The maintenance mode of the high-speed rail in China is changed from the traditional 'planned maintenance' to 'state maintenance'. When data prove that the equipment is likely to break down, the equipment is maintained in time, so that the maintenance efficiency is improved, the maintenance cost is saved, and the safety and reliability of the equipment are improved. The maintenance strategy is formulated and improved, the fault time point of the equipment needs to be accurately grasped, and the health state evaluation is carried out, so that the fault prediction is the core research content of the optimization of the train maintenance strategy.

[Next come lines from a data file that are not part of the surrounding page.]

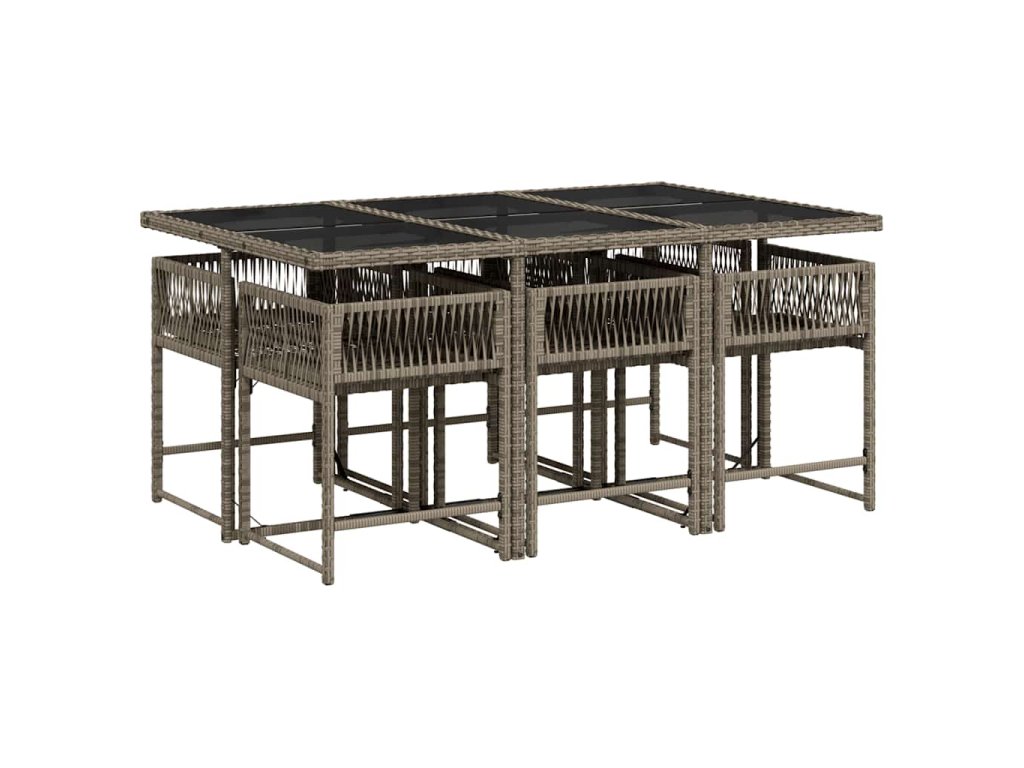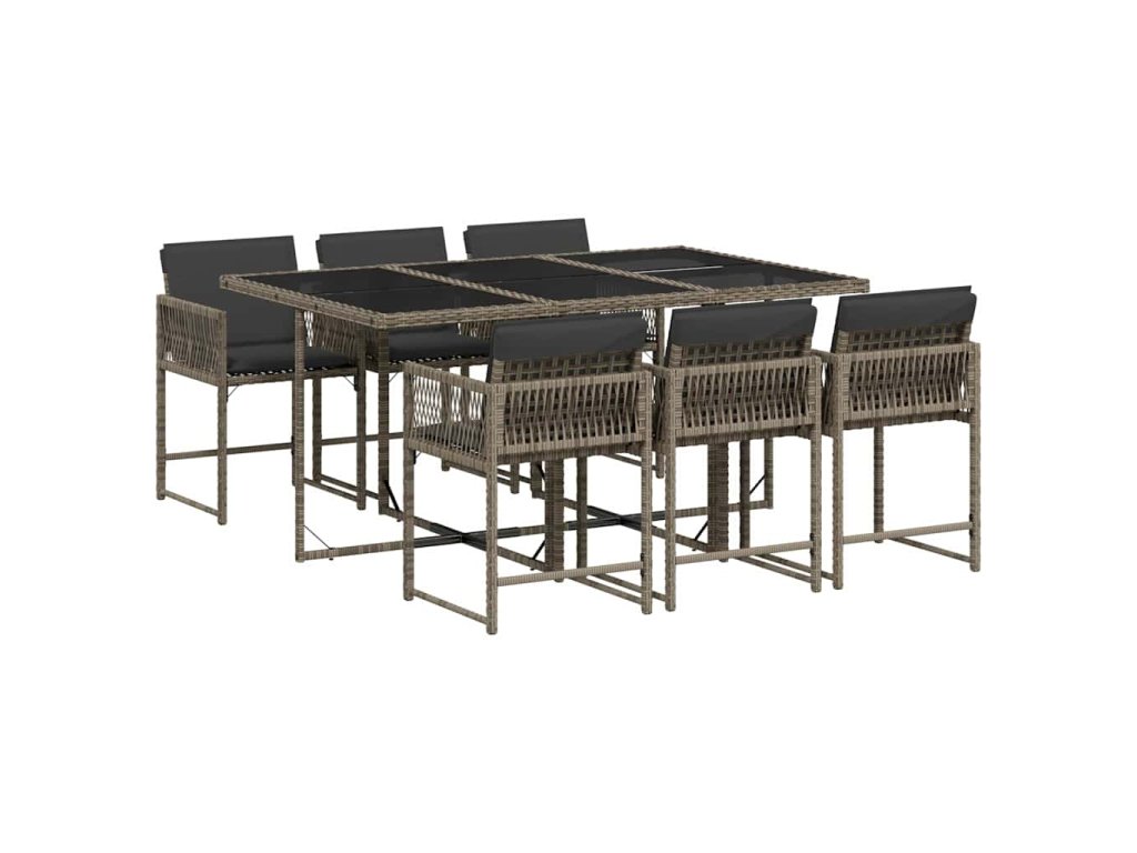 7dílný zahradní jídelní set s poduškami šedý polyratan 3211448
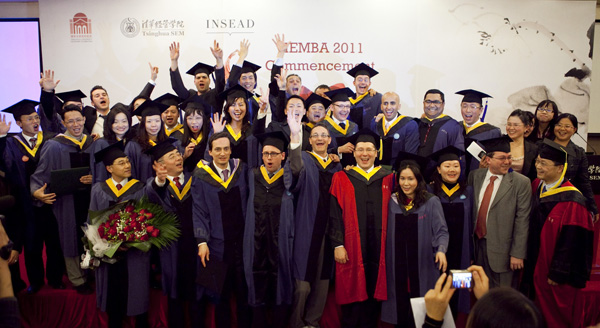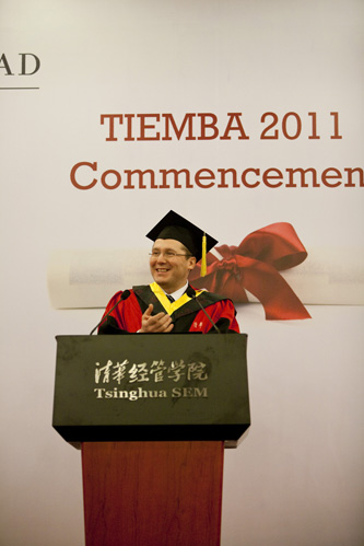 典礼由TIEMBA 2011届毕业生丽沙•邓(Lisa DJENG)和卫嘉欣(Frankie WAI)主持。丽沙•邓(Lisa DJENG)说:“今天是我们人生转折的重要时刻。在过去18个月,我们学习、生活、微笑、相爱、惹了麻烦……生活是一段奇妙的旅程,我们在清华成为永远的朋友。”卫嘉欣(Frankie WAI)说:“我们相互心怀感激,在今后相互支持。我们有毅力,有潜力,有光荣的梦想,成为相互的激励,成为清华和INSEAD的毕业生是无上的荣誉。”
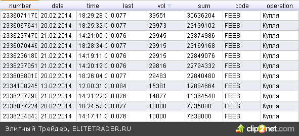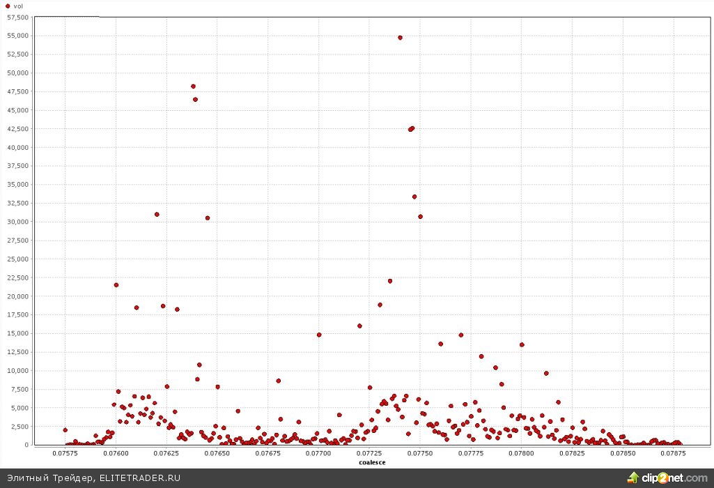 Одним словом, возврат выше 0,08 руб. себя не заставит ждать. Вот эта активность на тиках 20-21 февраля, громадные точечные сделки:
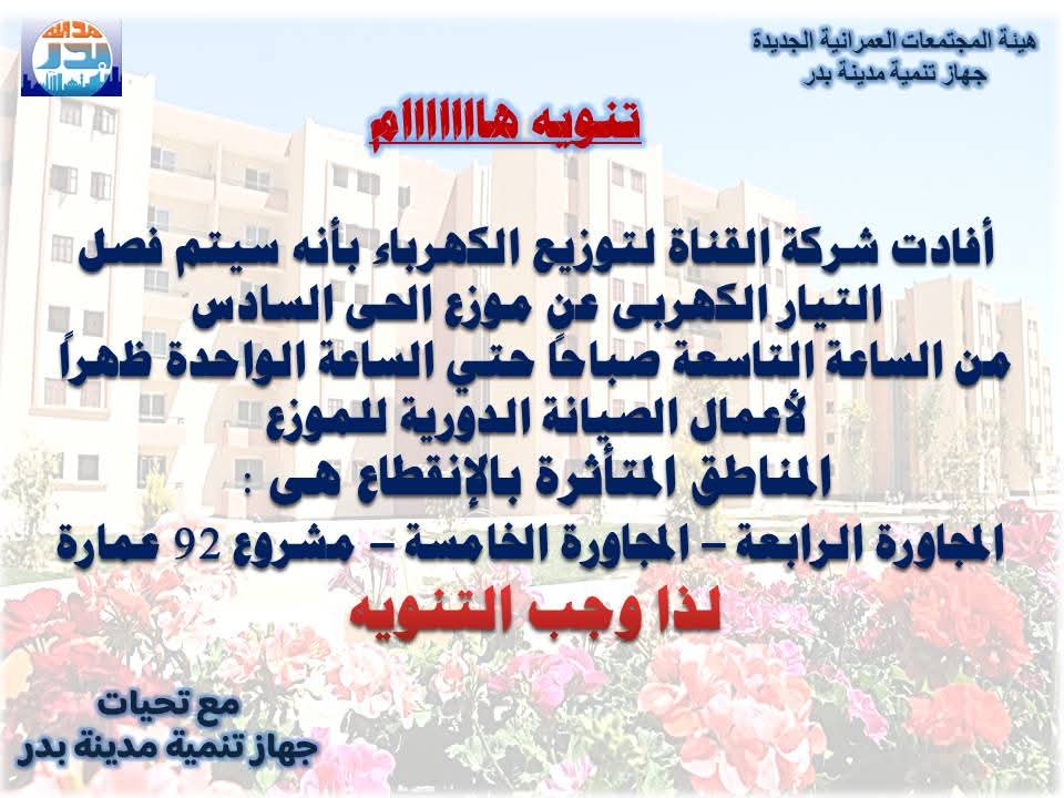 بالتنسيق بين جهاز تنمية مدينة بدر و شركة القناة لتوزيع الكهرباء سيتم فصل التيار الكهربائي بشكل مؤقت عن مغذي الحي السادس بمدينة بدر، وذلك يوم غد، اعتبارًا من الساعة التاسعة صباحًا وحتى الساعة الواحدة ظهرًا.

In the rail transit industry, foreign companies such as Siemens, Ricardo and Kenolr establish a safety state diagnosis and prediction system, and play a key role in improving the operation reliability of rail transit, improving the maintenance efficiency and reducing the maintenance cost. With the rapid development of high-speed rail industry in China, the number of trains in on-line operation increases year by year, and the quality of the trains such as design, production, application, maintenance and the like is highly valued by the whole industry. How to improve the safety and reliability of rail transit operation, reduce operation and maintenance cost and improve service quality becomes an important subject of sustainable development of rail transit industry in China.

Disclosure of Invention

Aiming at the problems in the prior art, the invention aims to solve the problems in the prior art of maintenance and repair of railways, tramways and subways, and improves the service lives of urban rail lines, vehicles and contact lines, ensures the operation safety of the lines and the riding comfort of passengers, improves the operation efficiency, saves the maintenance cost, reduces the maintenance time and prolongs the service life by systematically constructing technical innovations and application innovations such as comprehensive intelligent detection, expert diagnostic system analysis and guidance, cloud data service, Beidou + GIS positioning, guidance of rail restorative polishing, wheel set economic turning repair, grease spraying and wear reducing maintenance and the like.

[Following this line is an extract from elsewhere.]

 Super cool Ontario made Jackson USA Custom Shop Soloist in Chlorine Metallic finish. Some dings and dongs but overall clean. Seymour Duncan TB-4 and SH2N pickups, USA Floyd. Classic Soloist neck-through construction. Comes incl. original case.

In order to achieve the purpose, the rail transit intelligent health management system is characterized by comprising a rail network detection and data acquisition subsystem, a vehicle equipment and wheel pair detection subsystem, a cloud big data processing subsystem and an operation and maintenance guidance subsystem;

the rail network detection and data acquisition subsystem receives and analyzes rail network detection data obtained from the detection equipment, carries out trend analysis on the current detection data and uploads the current detection data to the cloud big data processing subsystem;

the vehicle equipment and wheel pair detection subsystem receives and analyzes data of shaft temperature, wheel pair size, wheel pair cracks, pantograph central line deviation and carbon sliding plate abrasion obtained from the vehicle equipment and wheel pair detection equipment, and uploads the current detection data to the cloud big data processing subsystem after trend analysis;

the cloud big data processing subsystem stores detection and trend analysis data of the rail network detection and data acquisition subsystem, the vehicle equipment and wheel set detection subsystem, analyzes and models the detection data through an algorithm, and outputs a line state and a diagnosis result.

The operation and maintenance guidance subsystem guides the worn steel rail to polish, guide the repair of the sprayed grease of the steel rail, guide the repair of the vehicle equipment and the economic turning of the wheel pair by utilizing the data of the rail network detection and data acquisition subsystem, the vehicle equipment and wheel pair detection subsystem and the cloud large data processing subsystem.

Preferably, the rail network detection and data acquisition subsystem comprises a rail network detection data analysis and diagnosis module, a differential GNSS positioning data module, a rail network state historical trend analysis module and a first data uploading module;

the rail network detection data analysis and diagnosis module scans the outline of the steel rail through the high-speed structured light sensor, compensates errors generated by vibration of a mechanical structure through the inertial navigation system, and detects parameters of the outline, the track gauge, the horizontal super-elevation, the triangular pit and the turnout of the rail;

the differential GNSS positioning data module adopts a differential GNSS and a speed encoder to position a sensor data acquisition place, and binds the sensor data with the position of the track parameter so as to facilitate data analysis;

the rail network state historical trend analysis module is used for comparing rail network data detected in different periods in the past and showing the change trend of the rail network state;

the first data uploading module uploads the local rail network detection data and the trend analysis data to the cloud big data processing subsystem.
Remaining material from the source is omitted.